◆ **Task details**
Transcribe the listing exactly as written. Leave the images out.

━━━━━━━━━━

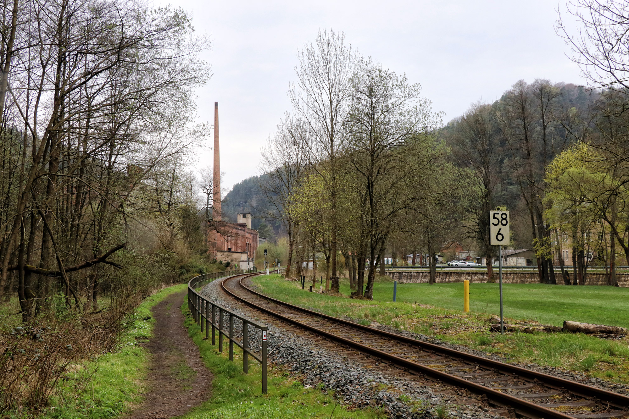Hoewel ik het complex graag van dichterbij zou willen zien, wandelen we verder. Het is namelijk gestart met miezeren en er is een flinke regenbui op komst. Via de Sebnitztal wandelen we langs het spoor naar de Schwarzbachmündung. Vanaf hier is het nog een kleine kilometer naar ons eindpunt. De miezerregen heeft inmiddels plaatsgemaakt voor een flinke hoosbui en we zijn er ook achter gekomen dat we nog een tijdje op de bus moeten wachten. Gelukkig kunnen we in Altendorf even schuilen bij Gasthaus Heiterer Blick. We warmen onszelf op met een kopje koffie en een thee en wachten hier tot de bus arriveert.
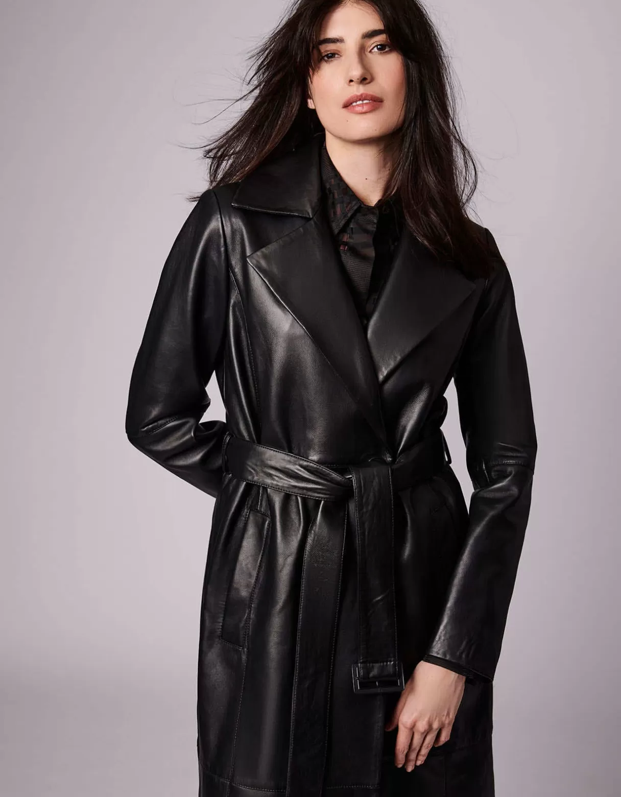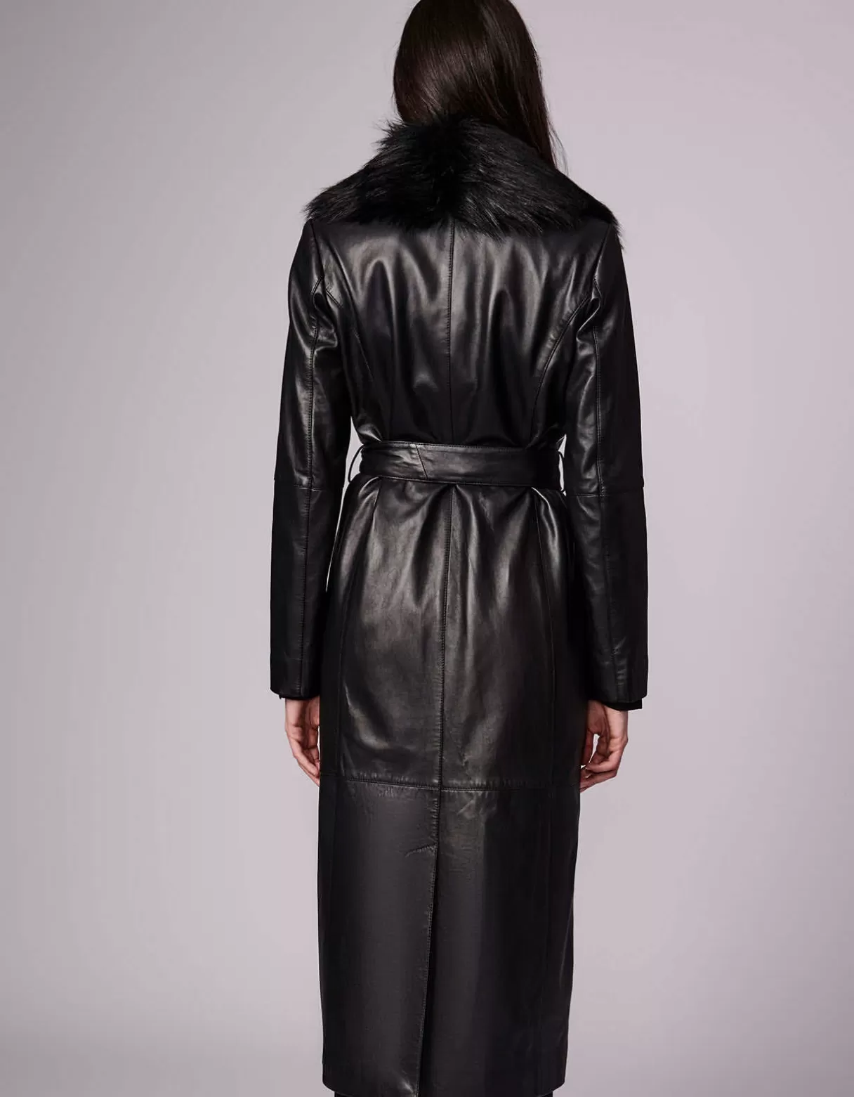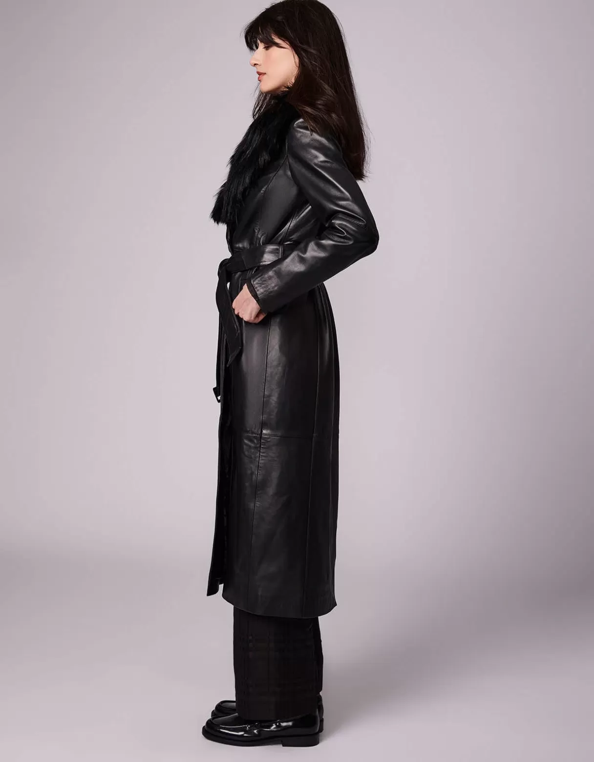 Bernardo Exclusive. The Versatile Side Of Luxe Presents Two Looks In One. Genuine Leather Andfaux Fur Come Together For Multiple Styling Options And A Style Surprise: The Faux-Fur Shawl Collar Detaches By Way Of Buttons. Wear The Long Leather Coat As A Sleek Belted Design For Fall And Winter, Or Add Extra Glam For Rsvp Events.
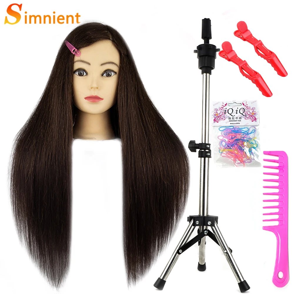 85%Real Hair Doll Head For Hairstyle Professional Training Head Kit Mannequin Head Styling To Practice Hot Curl Iron Straighten
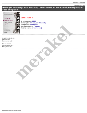 Informacje o produkcie Utworzono 08-03-2017 Hawel Jan Wincenty: Mała kantata / Little cantate op.146 na obój i fortepian / for oboe and piano Cena : 34,00 zł el Nr katalogowy : 1223 Kompozytor : Hawel Jan Wincenty Dostępność : Dostępny Stan magazynowy : wysoki Średnia ocena : brak recenzji m Okładka: miękka Objętość stron: 16+8 Rok wydania: 2012 er ak ISMN 979-0-801531-22-3 Partytura i głos Czas trwania: ca 10 Wygenerowano w programie www.oscGold.com
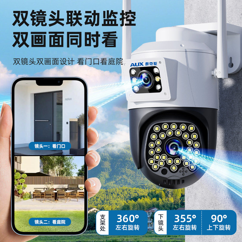 奥克斯监控摄像头360度无死角室外防水家用手机远程4G监控器夜视
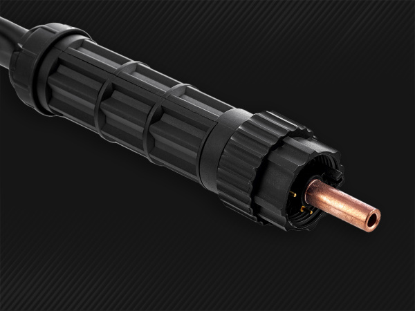 безопасность работы. Два пин-разъёма в рукоятке обеспечивают безопасность при смене расходных частей: плазмотрон не включится, пока не будет установлена защитная насадка.
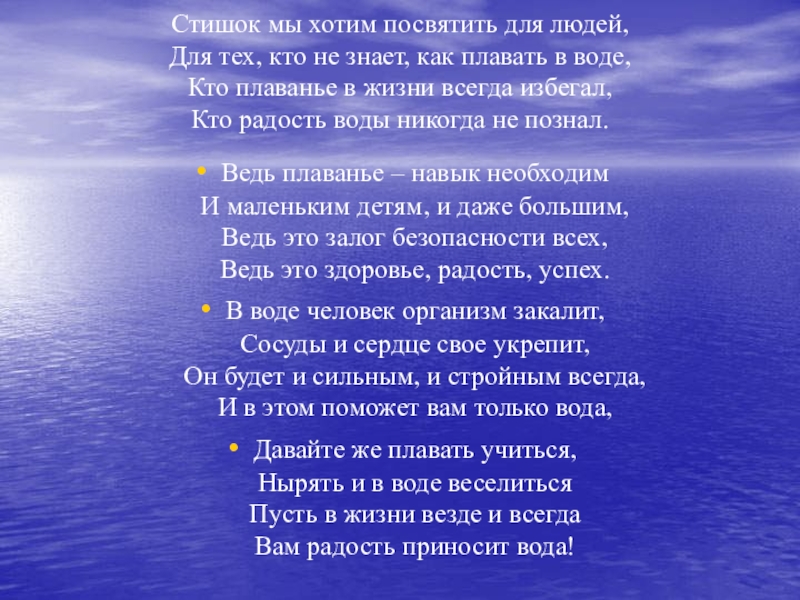 Давайте же плавать учиться,
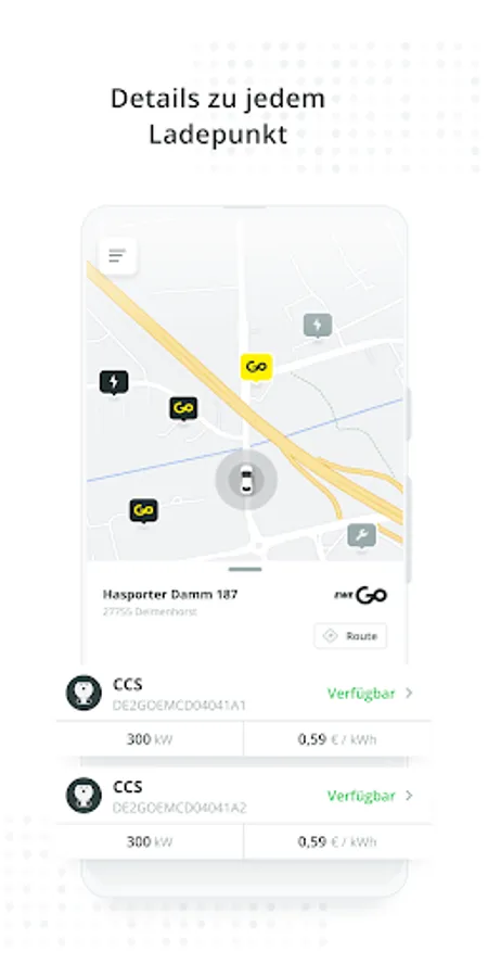 With the EWE Go app, you can easily find charging stations for your electric car. You can use the navigation function to be guided directly to the charging station you have selected. The EWE Go app gives you access to a charging network of around 400,000 charging points for your e-car across Europe.
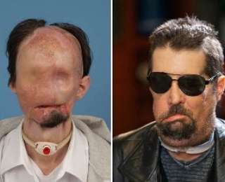 Пациент Даллас Винс в декабре 2010 года, Даллас, штат Техас. Из-за десятков пересадок кожи и переливаний крови иммунная система Винса была настолько ослаблена, что шансы на то, что организм отвергнет донорское лицо, оценивались в 80%. Но всё же врачи решили пойти на риск, который вскоре оправдался.
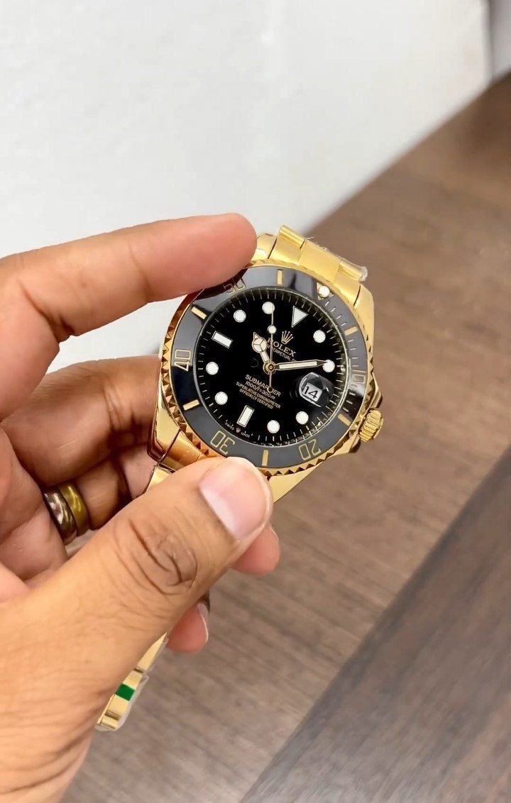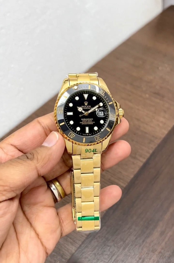 Rolex Submariner Automatic Series Watch stainless steel 3-link luxury gold wrist adjustable bracelet adds a touch of luxury, complemented by a luxurious black dial. Equipped with a heavy original Rolex double buckle lock, it ensures secure wearing. Powered by original Japanese automatic smooth movement machinery.
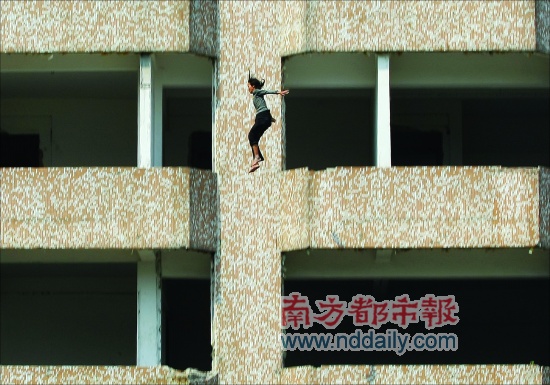在医护人员将女子抬上救护车时,记者见到女子的腿部有出血。随后瘦弱的可见肋骨的男子光着上身一瘸一拐地被民警带下楼,身旁的小女孩还不停地问“我妈妈呢”。记者随后了解到,跳楼的女子并无生命危险,只是腰部被扭伤了。(记者何永华摄影:本报记者陈奕启 制图:卢笳)
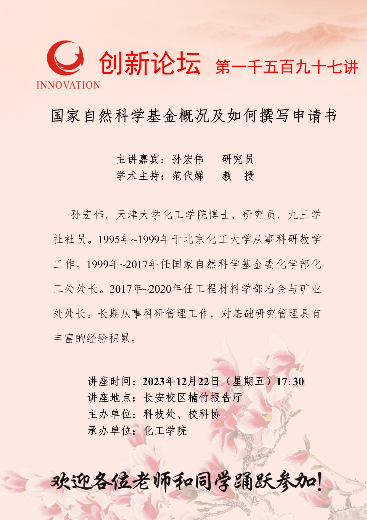 AC米兰中国官网创新论坛第一千五百九十七讲:国家自然科学基金概况及如何撰写申请书
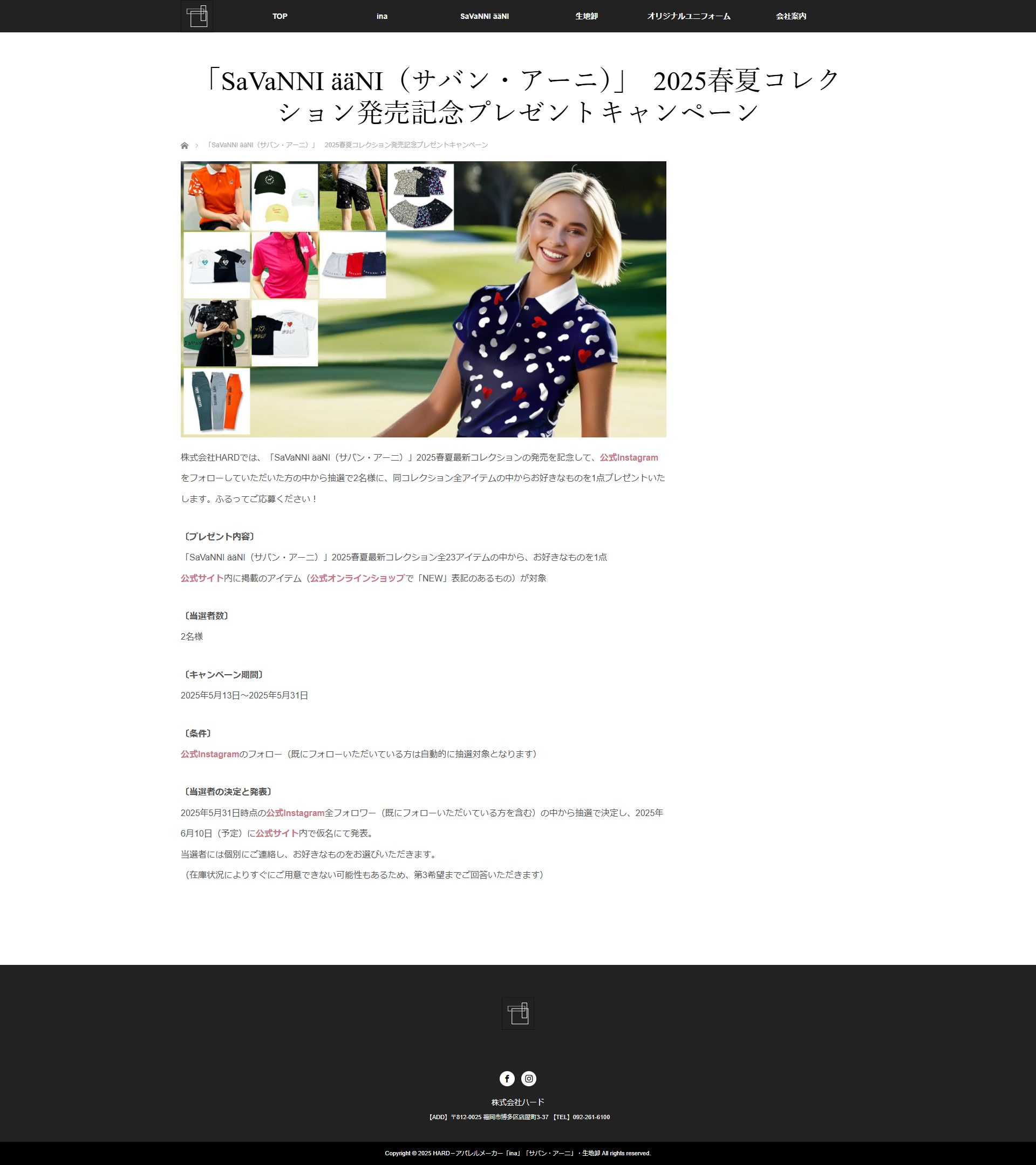 - 個性派ゴルフウェア「サバン・アーニ」2025春夏コレクション発売記念プレゼント
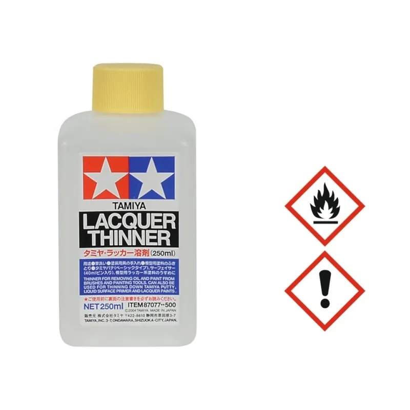 Disovente Tamiya Lacquer Thinner de tipo universal en envase de 250 ml. Apto para pinturas esmalte o acrílicas. Para limpieza de superficies y disolución de masillas monocomponente putty.Para diluir las pinturas acrílicas Tamiya y Gunze Sangyo. La proporción adecuada varía según el resultado deseado, pero lo normal es partir de un 50-50% si la aplicamos con aerógrafo.El Lacquer Thinner deja la pintura en condiciones óptimas para ser aplicada con el aerógrafo y facilita un pulverizado muy fino.Ventilar bien la habitación.

━━━━━━━━━━

◆ **Answer for this exercise**
Hoewel ik het complex graag van dichterbij zou willen zien, wandelen we verder. Het is namelijk gestart met miezeren en er is een flinke regenbui op komst. Via de Sebnitztal wandelen we langs het spoor naar de Schwarzbachmündung. Vanaf hier is het nog een kleine kilometer naar ons eindpunt. De miezerregen heeft inmiddels plaatsgemaakt voor een flinke hoosbui en we zijn er ook achter gekomen dat we nog een tijdje op de bus moeten wachten. Gelukkig kunnen we in Altendorf even schuilen bij Gasthaus Heiterer Blick. We warmen onszelf op met een kopje koffie en een thee en wachten hier tot de bus arriveert.
 Bernardo Exclusive. The Versatile Side Of Luxe Presents Two Looks In One. Genuine Leather Andfaux Fur Come Together For Multiple Styling Options And A Style Surprise: The Faux-Fur Shawl Collar Detaches By Way Of Buttons. Wear The Long Leather Coat As A Sleek Belted Design For Fall And Winter, Or Add Extra Glam For Rsvp Events.
 85%Real Hair Doll Head For Hairstyle Professional Training Head Kit Mannequin Head Styling To Practice Hot Curl Iron Straighten
 Informacje o produkcie Utworzono 08-03-2017 Hawel Jan Wincenty: Mała kantata / Little cantate op.146 na obój i fortepian / for oboe and piano Cena : 34,00 zł el Nr katalogowy : 1223 Kompozytor : Hawel Jan Wincenty Dostępność : Dostępny Stan magazynowy : wysoki Średnia ocena : brak recenzji m Okładka: miękka Objętość stron: 16+8 Rok wydania: 2012 er ak ISMN 979-0-801531-22-3 Partytura i głos Czas trwania: ca 10 Wygenerowano w programie www.oscGold.com
 奥克斯监控摄像头360度无死角室外防水家用手机远程4G监控器夜视
 безопасность работы. Два пин-разъёма в рукоятке обеспечивают безопасность при смене расходных частей: плазмотрон не включится, пока не будет установлена защитная насадка.
 Давайте же плавать учиться,
 With the EWE Go app, you can easily find charging stations for your electric car. You can use the navigation function to be guided directly to the charging station you have selected. The EWE Go app gives you access to a charging network of around 400,000 charging points for your e-car across Europe.
 Пациент Даллас Винс в декабре 2010 года, Даллас, штат Техас. Из-за десятков пересадок кожи и переливаний крови иммунная система Винса была настолько ослаблена, что шансы на то, что организм отвергнет донорское лицо, оценивались в 80%. Но всё же врачи решили пойти на риск, который вскоре оправдался.
 Rolex Submariner Automatic Series Watch stainless steel 3-link luxury gold wrist adjustable bracelet adds a touch of luxury, complemented by a luxurious black dial. Equipped with a heavy original Rolex double buckle lock, it ensures secure wearing. Powered by original Japanese automatic smooth movement machinery.
在医护人员将女子抬上救护车时,记者见到女子的腿部有出血。随后瘦弱的可见肋骨的男子光着上身一瘸一拐地被民警带下楼,身旁的小女孩还不停地问“我妈妈呢”。记者随后了解到,跳楼的女子并无生命危险,只是腰部被扭伤了。(记者何永华摄影:本报记者陈奕启 制图:卢笳)
 AC米兰中国官网创新论坛第一千五百九十七讲:国家自然科学基金概况及如何撰写申请书
 - 個性派ゴルフウェア「サバン・アーニ」2025春夏コレクション発売記念プレゼント
 Disovente Tamiya Lacquer Thinner de tipo universal en envase de 250 ml. Apto para pinturas esmalte o acrílicas. Para limpieza de superficies y disolución de masillas monocomponente putty.Para diluir las pinturas acrílicas Tamiya y Gunze Sangyo. La proporción adecuada varía según el resultado deseado, pero lo normal es partir de un 50-50% si la aplicamos con aerógrafo.El Lacquer Thinner deja la pintura en condiciones óptimas para ser aplicada con el aerógrafo y facilita un pulverizado muy fino.Ventilar bien la habitación.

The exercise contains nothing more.